Problem description
Beginning with the line that includes "Fig. 3.- Monasterio" and ending with the last line, print the records exactly, leaving every picture out.

════════════════════

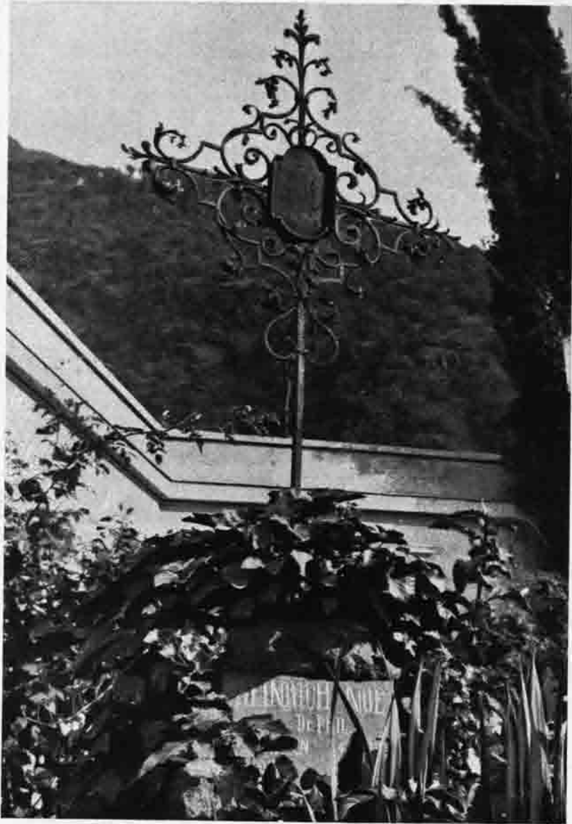
Heinrich Noë's Ruhestätte auf dem alten Friedhof in Bozen-Gries
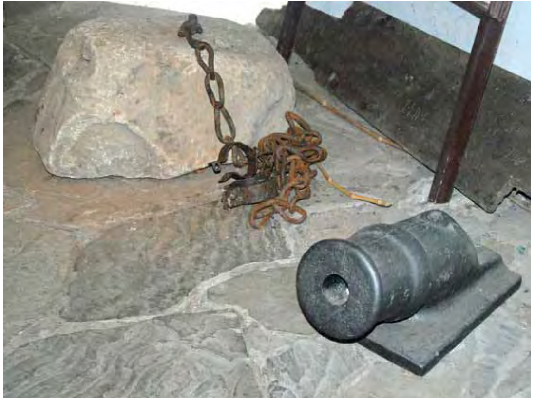
Verurteilten Straftätern drohte seinerzeit in Unkel der Kerker im Unkeler Gefängnisturm
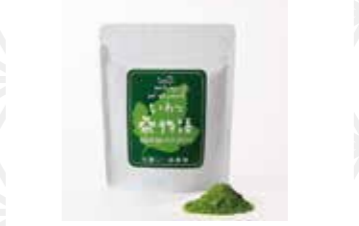
いわて桑物語桑の葉パウダー1個60g 1,000円 いわいの里
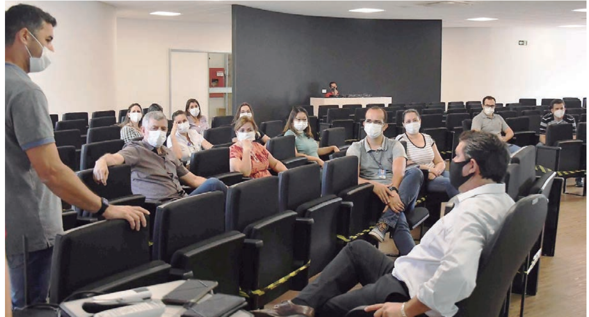
PIMENTEL segue a flexibilização vinda do Governo Estadual e quebra o toque de recolher que proibia a circulação e venda e consumo de bebidas alcoólicas na madrugada

O Decreto Municipal 233/2021 agora acabou com as restrições de horário para livre circulação pelos municípios (popularmente chamado de 'toque de recolher') e retira a proibição da comercialização e consumo de bebidas em espaços públicos. Continua
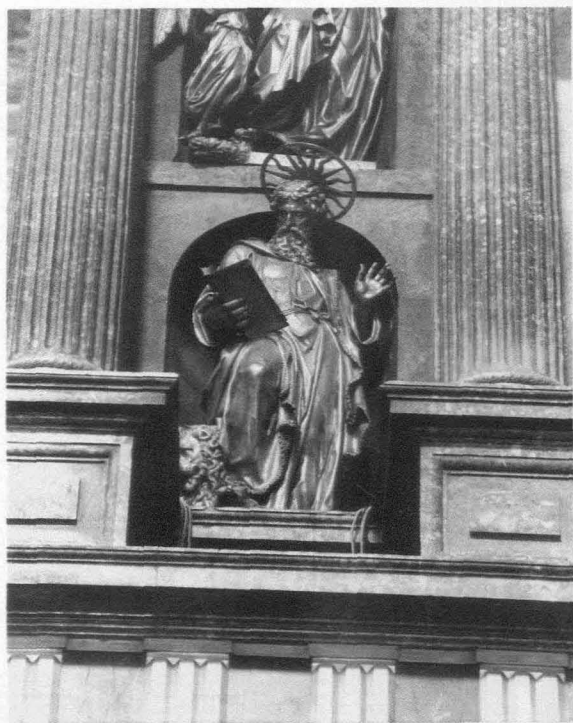
Fig. 3.- Monasterio del Escorial. Basílica. Retablo mayor. San Marcos.
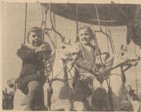
...na Placu Zebrań Ludowych najmłodszy i najstarsi gdańszczanie odwiedzają b. „Wesołe miasteczko”, które od pewnego czasu nosi nazwę „Lunapark”.

════════════════════

Problem solution
Fig. 3.- Monasterio del Escorial. Basílica. Retablo mayor. San Marcos.
...na Placu Zebrań Ludowych najmłodszy i najstarsi gdańszczanie odwiedzają b. „Wesołe miasteczko”, które od pewnego czasu nosi nazwę „Lunapark”.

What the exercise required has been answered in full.